Мы только что писали о недостаточности нашего бюджета школ. В сущности, это корень всего русского педагогического вопроса. Не учат вовсе или учат плохо, потому что не на что учить или не на что дать хорошее подготовление учителям. Известие, перепечатанное у нас из ‘Южн. Края’ о том, что из экзаменовавшихся в Харьковское реальное училище и выдержавших вполне удовлетворительно экзамен 226 мальчиков не были приняты за теснотою училища, и что в том же городе по той же причине было отказано 103 мальчикам в приеме в третью мужскую гимназию и 70 в четвертую, — обнаруживает положение вещей, близкое к ужасному. Ведь это, по практическому своему действию, вполне равняется тому, как если бы издан был закон о воспрещении добрым русским гражданам отдавать своих сыновей в гимназию, только запрещение это падает не сплошь, т.е. все же сколько-нибудь справедливо, а как-то на одного из трех, на одного из пятерых, точно по жребию, который можно поименовать ‘жребием несчастия’. Неподготовлены были к поступлению эти 226, 103 и 70. В статистической цифре нет слез и отчаяния: но нужно иметь самую малую долю воображения, чтобы представить ‘беду’, упавшую на дом и семью, сына, которого готовили-готовили к поступлению, он сам старался, на учителя тратились последние средства, и вот, кажется, все готово и даже мальчика для чего-то проэкзаменовали, вдруг говорят, что его не могут принять в гимназию, ибо нет места в классе. Право, это что-то невообразимое и до того неуклюжее, почти невероятное, что не веришь и своему XX веку и цивилизации своей страны. Ведь это все равно, как если бы за недостатком вагонов на Николаевской дороге публика вдруг пошла по шпалам, ‘пешечком’, из Петербурга в Москву: ‘Куда дождаться места в поезде, и вчера было нетути, и сегодня нетути, и завтра, верно, будет нетути’, — махала бы она в ответ на приглашение начальника дороги не томить его до такой степени и подождать, не будет ли в поезде свободнее завтра. Можно представить себе конфуз всего министерства путей сообщения от такого зрелища ‘пешеходов по шпалам’. Но будто не точно такое же зрелище представляют собою фланирующие мимо стен учебных заведений вполне подготовленные к ним ученики! И точно так, нужно бы назначить какой-нибудь абонемент на место в гимназии, с правом записываться заранее, с наблюдением очереди и права. А то могут происходить случаи, так сказать, горечи особенно усиления среди всеобщего несладкого положения.

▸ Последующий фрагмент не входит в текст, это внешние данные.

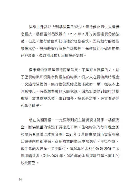 想在美國買樓,一定要等到銀主盤湧現才動手。樓價高企,斷供嚴重的情況下買樓是下策。住宅物業的每年租金回報要有6厘以上才算合理,2021年3月的主要城市實質租金回報連兩厘都沒有。商用物業的情況更加惡劣,滿街空舖,做生意的人破產,業主斷供,情況真的惡劣至超越2009年金融海嘯很多。對比2021年,2009年的金融海嘯只是水面上的波紋而已。
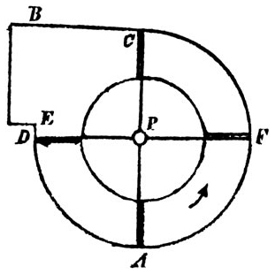 Ces choses ne sont pas vaines et ne se limitent pas à des arguties sur les mots, mais elles ont le plus grand emploi dans les machines pour comparer les mouvements. En effet, si quelqu’un a une force par l’eau ou par les animaux ou par une autre cause, au moyen de laquelle un corps grave de cent livres serait conservé dans un mouvement uniforme, par lequel à l’intérieur d’une minute de temps il pourrait délivrer la quatrième partie sur un cercle horizontal de trente pieds de diamètres ; assurément pendant ce même temps à sa place un autre poids double l’emporterait toutefois pour délivrer la moitié du cercle régulièrement par une moindre dépense, et cela te fera valoir un gain ; tu seras déçu et frustré de la partie moitié des forces ( ... ).

Во всяком случае ‘беда’ этих 226 + 103 + 70 семьях города Харькова не такая малость, чтобы по поводу ее общество не было вправе ожидать от канцелярии попечителя харьковского учебного округа какого-нибудь разъяснения или успокоения. Может быть, сведения, попавшие в печать, преувеличены.
Впервые опубликовано: ‘Новое Время’. 1903. 18 сент. N 9892.